The Wall Street Journal broke the news that the US Department of Justice is demanding $14bn from Deutsche Bank to settle the investigation into residential mortgage backed securities (RMBS) sold ahead of the financial crisis.
In essence, the stuff was sold to investors and badged as high quality when it was not. The bank’s share price fell 8% on Friday morning and its management has pushed back, issuing a statement refusing to settle at anything like that price. As of June they had set aside 5.5bn euros for settlements.
Why does this matter as far as the British government and taxpayers are concerned?
The answer is that the next bank in the fine queue in the US is RBS, the state-owned UK bank. As well as facing a tricky court case in London next year against shareholders who claim the bank led by Fred Goodwin misled them about the true position of the bank at the time of the rights issue in 2008, RBS also has two outstanding huge cases due to settle in the US.
There is the Federal Housing Finance Agency settlement pending. And then the Department of Justice RMBS task force settlement.
It is worth noting that according to Bloomberg Intelligence, the total amount of mortgage bonds involved in terms of the Federal Housing Finance Agency case and Deutsche Bank was $14.2bn. In the case of RBS it was more than double that at $32.1bn.

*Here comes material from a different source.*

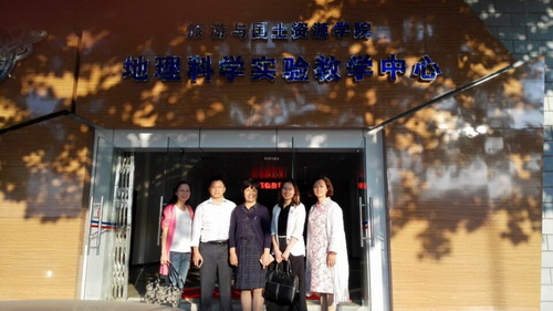 讲座开始前,刘教授还亲切的与地理专业老师座谈并参观了专业实验室。
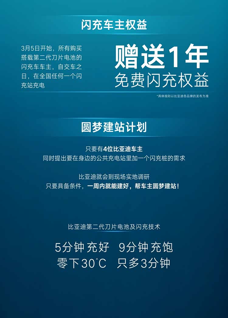 发布会同步释放重磅福利,搭载第二代刀片电池的闪充车主,可享全国闪充站 1 年免费闪充权益,免费期后收费与行业持平,不额外加价。从技术突破到网络布局,从用户权益到生态共建,比亚迪以全栈自研能力,把闪充速度变成全民福利,用技术与诚意推动新能源行业迈入闪充普惠时代。

For months I’ve been assured by various people – analysts and bankers – that it will be ok in the end. The DoJ fines in particular when they hit won’t be as large as the worst case scenarios, and a deal will be done. As a taxpayer worried about the possibility of another massive hole being punched in RBS, I do hope they are right.
The danger is if the US authorities see RBS as a pot of free money to be raided. RBS has shrunk a lot and whereas in 2008 in the US it was systematically important (enough to be given help by the US Fed) it is now not. Like all banks it has been forced to rebuild its capital by regulators, creating a buffer. US officials can surely see all that lovely loot.

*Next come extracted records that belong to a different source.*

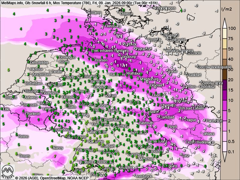 Am Freitag zieht bei starkem bis stürmischem Wind ein ausgeprägtes Schneefallband über das Land. Vor allem in Ost- und Norddeutschland ist mit erheblichen Verkehrsbehinderungen bis hin zu einem weitgehenden Stillstand zu rechnen. Durch Schneeverwehungen können lokal 10 bis 20 Zentimeter Neuschnee zusammenkommen.
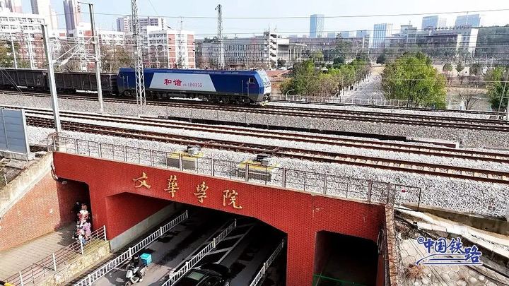 実は、「文華學院」の北門トンネルの上には橋が2本並行して架かり、都市を走る鉄道が都市の隅々を結(jié)び、大量の旅客と貨物の輸送任務を擔っている。大學によると、ここに引っ越してから、キャンパスの地理的特徴に合わせて、鉄道のトンネルを大學の門にしたという。
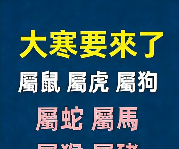 大寒要來了「屬鼠 屬虎 屬狗 屬蛇 屬馬 屬猴 屬豬 」一定要看!

There is another important implication in the Deutsche Bank case. The talk right now is of the City of London being at risk post-Brexit, because of the idea the financial sector will move. London is Europe and the eurozone’s financial capital, dominating euro-denominated trading.

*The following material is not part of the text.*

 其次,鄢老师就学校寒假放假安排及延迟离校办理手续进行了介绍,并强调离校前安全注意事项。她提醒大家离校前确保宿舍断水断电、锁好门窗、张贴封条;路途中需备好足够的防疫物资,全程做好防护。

But would you – if you were the German government, which is the key player – really think now a sensible time to disrupt the European financial system? When Deutsche Bank is wobbling? When the Italian banking system may be about to go bang? Would you really think this is a great moment to fiddle about with how all that debt is issued, traded and swapped, how foreign exchange is handled, and so on, when London is rather good at it? But I’ll write about that another time.